Малыш вдруг бросил грудь и залился плачем. Между мной и нянькой произошла короткая, недостойная стычка, когда каждая из нас пыталась заставить ребенка взять грудь. Наконец нянька схватила его за круглую макушку и попыталась привинтить к соску, как привинчивают пробку к бутылке.

— В каком вы состоянии сегодня? Вы думаете, это полезно малышу? Вы должны быть совершенно спокойны, когда кормите, невозмутимы, как кочан капусты. А посмотрите на себя!

В течение часа мы безуспешно пытались что-либо сделать. В конце концов я совсем обессилела; голова у меня раскалывалась от боли.

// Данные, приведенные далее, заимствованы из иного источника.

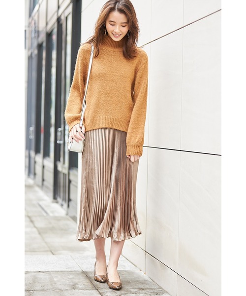 焦糖棕毛衣配上富含光澤的金絲絨百褶裙,走在路上整個時尚的街拍感都散發出來啦!

Нянька унесла ребенка, чтобы взвесить, и, торжествуя, сообщила:

— Две унции! Вот и все, что он съел. Я покормлю его сама, бедного крошку, я не позволю, чтобы мой Пакетик голодал.

Я подумала, засыпая: как странно ни о ком не думать, ни о Марке, ни о Нэде.

Я проснулась с сознанием, что что-то случилось. Я тут же вспомнила беспокойную ночь, исчезновение Нэда, мучительные попытки накормить ребенка. Головная боль не прошла.

— У вас ужасный вид, — сказала нянька, подавая мне чай в постель. — Не знаю, поправитесь ли вы к концу той недели, когда кончается мой срок. Вам необходима постоянная нянька, вот что.

Я сказала, что нам это не по средствам.

— Все равно, даже если и не по средствам. Это совершенно необходимо, — сказала она, а затем добавила строго: — Оставайтесь-ка в постели сегодня все утро.

У нее было доброе сердце, и она догадалась, что я не знаю, где Нэд, и беспокоюсь о нем. Она старалась, как умела, утешить меня.

Я лежала в тихой спальне, следя, как оранжевые лучи зимнего солнца совершают свой путь по стене. С неба спустился полог прозрачного, как кисея, шафранового тумана. Был тихий, неприметный, словно застывший во времени, день. Впервые за весь год я попыталась писать стихи. Я написала шесть строк без рифмы, и, когда прочла их, они мне понравились. Но спустя полчаса они уже показались бездарной, неискренней писаниной. Однако я не смогла уничтожить их и спрятала в пустой ящичек для папирос, который стоял на моем ночном столике. В первые дни замужества я мечтала, что этот ящик будет всегда доверху наполнен папиросами, однако теперь он служил хранилищем для случайной запонки, приколок для волос и квитанций из прачечной.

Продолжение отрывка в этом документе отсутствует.